Su rostro palideció. Bajó la mirada:
—Perdona… Iba a decírtelo. Soledad es mi hermana, pero está en un lío enorme. Le van a embargar la casa. Me pidió ayuda y he gastado casi todos mis ahorros. Temía que, si lo sabías, pensarías que soy un irresponsable o que no tengo nada que ofrecerte. Quería solucionarlo antes de hablarte.
—¿Y por qué ocultármelo? —mi voz tembló de rabia y tristeza.
—Porque tenía miedo de perderte. Esto nuestro es nuevo… No quería cargarte con mis problemas.
El dolor me atravesó, pero luego vino un alivio enorme. No había otra mujer, ni mentiras… Solo el miedo a defraudarme y la lealtad a su familia. Las lágrimas asomaron. Recordé esos años de soledad y supe que no dejaría ir a Javier por un malentendido.
Le tomé la mano:
—Tengo 62 años y quiero ser feliz. Si hay problemas, los resolveremos juntos.
Javier respiró hondo, los ojos brillantes, y me abrazó fuerte. Bajo la luz de la luna, con el canto de los grillos y el aroma de los pinos, sentí que la angustia se esfumaba. Estábamos juntos, y eso era lo único importante.

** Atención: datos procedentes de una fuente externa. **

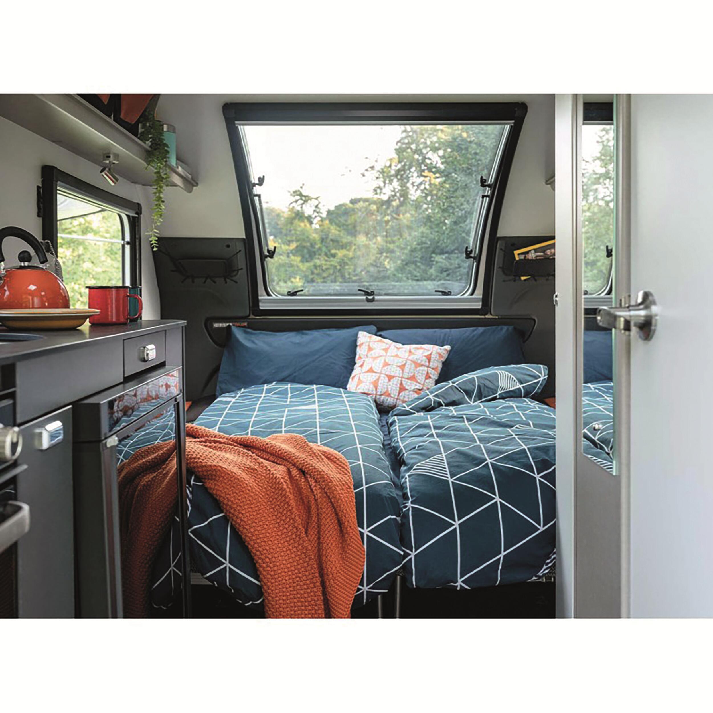 Faire son lit n’a jamais été aussi simple : il suffit de dérouler le couchage Duvalay et le tour est joué. Grâce à son design tout-en-un, il reste en place et s’adapte aussi bien aux lits simples qu’aux lits doubles (en utilisant deux unités). Une fois replié, il ne mesure que 29 cm de diamètre pour 66 cm de largeur, facilitant ainsi le rangement dans les espaces restreints de votre véhicule.

Al día siguiente, llamé a Soledad y le ofrecí ayuda con el banco—si algo sé es de negociar, y aún tengo contactos. Al hablar con ella, entendí que no solo estaba ganando un amor, sino una familia. Soledad se emocionó, y enseguida nos entendimos.
Ahora, al mirar atrás, sé que la vida nos pone pruebas para ver si el amor es verdadero. A los 62, el corazón no espera milagros… pero a veces los recibe. Hoy, en Pinar del Rey, nuestra historia hace sonreír a otros, recordándoles que el cariño y la confianza pueden vencer cualquier sombra.